Bob continues to welcome the stranger. Sees the dignity of others as Christ commands us to do. Bob embraces change. He has a sense that God is truly with him in his life. He sees other people for what they are, children of the one true God. He sees the dignity in all that’s around him. He is what the unnamed rich man was not. And his faith is such that he lives in the grace given to him by God.
But do we? Do we drive by or walk by a homeless person and look the other way? Do we see the news or read about the events going on right here on the south side and just shake our heads or do we walk in the neighborhood? Do we speak out when someone standing in line in front of us is obnoxious to the clerk who’s just doing her job or are we afraid to get involved? Do we go to church to “do” church or ARE we the church? What do we do? What do we do with this passage?

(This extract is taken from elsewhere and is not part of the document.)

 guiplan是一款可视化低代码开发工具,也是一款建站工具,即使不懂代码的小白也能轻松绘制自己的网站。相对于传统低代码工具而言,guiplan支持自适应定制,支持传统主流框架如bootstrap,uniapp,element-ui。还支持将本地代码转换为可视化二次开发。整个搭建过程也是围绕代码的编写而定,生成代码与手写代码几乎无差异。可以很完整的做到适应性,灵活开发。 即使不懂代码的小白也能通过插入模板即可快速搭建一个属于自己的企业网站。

Brothers and sisters, I must confess that I’m afraid that I’m not one of the people who’d look over at Lazarus with the same eyes that I’m called to do. I must confess that I drive past the homeless and do nothing to help. I walk past the people on the streets and do nothing to help. I hear the news of what’s happening right here on the south side and do nothing to help. Most times, I even take my collar off when at a stop light because the panhandlers always zoom in on the person who’s wearing one. Are you like me? Can you relate to a little of what I’m saying? Are we at ease in Zion?

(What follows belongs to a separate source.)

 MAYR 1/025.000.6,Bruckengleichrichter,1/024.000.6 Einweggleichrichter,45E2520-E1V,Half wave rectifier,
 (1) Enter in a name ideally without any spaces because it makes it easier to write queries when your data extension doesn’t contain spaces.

Are we, as a community of believers, more concerned with what’s happening across the seas, down on the border, in the political arena than the lives of the very people who live and work in this area? Are we? It’s a question that I must wrestle with on a daily basis because to do otherwise, to expend the energy and the time, IT IS exhausting.
After all, I have a more than full class schedule. I’ve gotta read two books, 3 social statements, and at least a dozen chapters by people who’ve been dead for over 1500 years. I’ve gotta relearn a language that’s so foreign to me that I might as well be speaking Martian. I have enough trouble with the English language. I don’t have time to be concerned with anything not on my schedule. I don’t have time to be concerned with others that stand next to me. I don’t have time. Are you like me? Can you relate to a little of what I’m saying? Are we not grieved over the ruin of Joseph?

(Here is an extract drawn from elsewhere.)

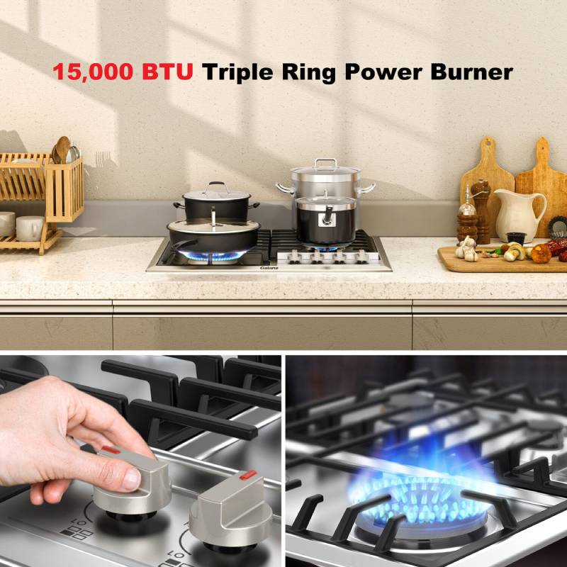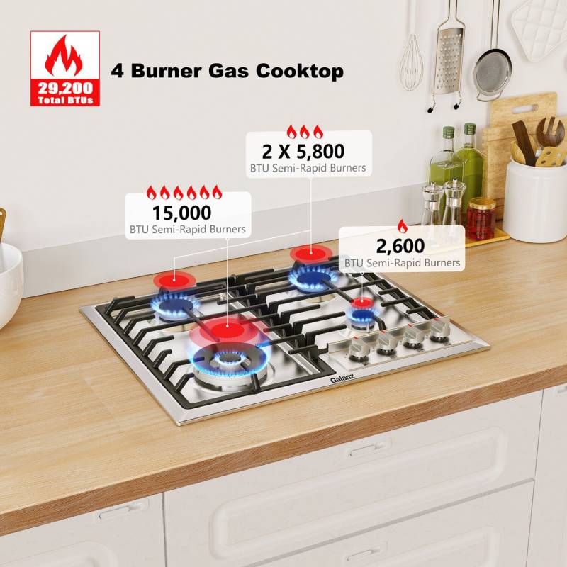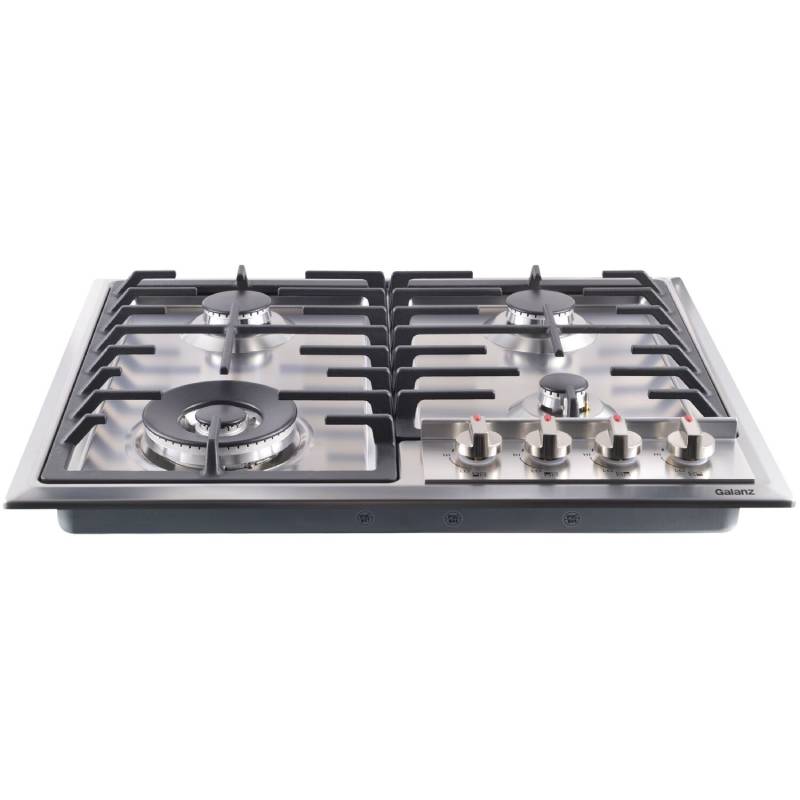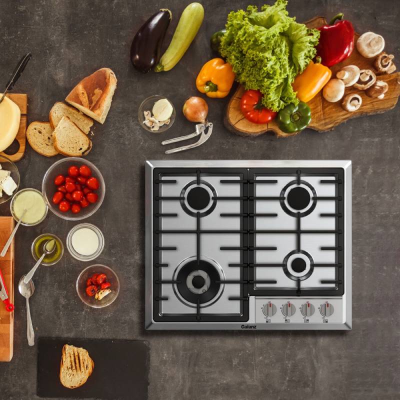 The Galanz 24-inch gas cook-top provides a compact design without jeopardizing innovative features, sleek design, and great performance. Easily accommodate pans of all sizes, and prepare family-sized meals atop heavy-duty grates and four cooking elements. Cook on a low simmer, or turn up the heat with our powerful 15,000 BTU triple ring burner that is perfect for high-heat searing. Metal knob controls and a stainless steel surface give this Galanz gas cook-top the high-end finish that is the perfect match to any home kitchen.

Brothers and sisters, the unnamed rich man didn’t end up in hell because he was rich. He didn’t even end up in Hell because his family came from the right side of the railroad tracks. The scripture says that he ended up in Hell because he refused to see the dignity of his brother who was sitting right there next to him. The brother he had to step over to get where he was going. The brother he didn’t see as a person but as a social outcast. A burden on society. A parasite in the way of his progress.
Brothers and sisters, the unnamed rich man ended up in Hell not because he was human but because he remained human despite the suffering he had on his own doorstep. He had no regrets. No second thoughts. Unconcerned with the law that Jesus spoke of when he said, "You shall love your neighbor as yourself.”
The end of Luke states, “Neither will they be convinced even if someone rises from the dead.” I am convinced in Jesus’ story of the importance to observe the dignity of all. I am convinced because Jesus was the one who rose from the dead. So my challenge is to stop. Stop and see all those around me. Talk with those all around me. Get to know those all around me. Things I have to get done will still be there when I take them up again. People are more important than things. Can you relate to a little of what I’m saying? Can this be all of our challenges? Can we walk together on this?